Triggering: A CRM webhook, database event, or cron schedule initiates the workflow with a target URL.
Extraction: A request is made to a scraping API to fetch the publicly accessible page and return it as a structured JSON object.
Reasoning: The AI agent processes the structured JSON against a specific prompt to extract insights (e.g., pricing tiers, feature lists).
Storage: The structured insights are pushed back to the originating CRM or database.

Building the n8n Pipeline

n8n is a node-based workflow automation tool that excels at integrating APIs and LLMs. We will build a pipeline that monitors competitor pricing pages and enriches a central database.

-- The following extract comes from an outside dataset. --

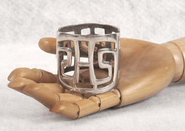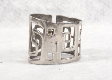 PLEASE NOTE - SHIPPING AVAILABLE. Please include a phone number with your response. Thank you _________________________________ Vintage 1970's Silver Hinged Cut-Out Wide Clamp Bracelet, 6-7" Wrist Stylish silver metal hinged wide bracelet with unique cut-out pattern. Nice solid piece weighing 83 grams ...

Step 1: Triggering the Workflow

Start by adding a Webhook node or a Schedule node in n8n.
If you are enriching inbound leads, a Webhook node is optimal. Configure your CRM to send a POST request to the n8n webhook URL containing the lead's company website.

For continuous competitor research, use a Schedule node set to run weekly, followed by a database node (like PostgreSQL or Supabase) that pulls a list of competitor URLs to check.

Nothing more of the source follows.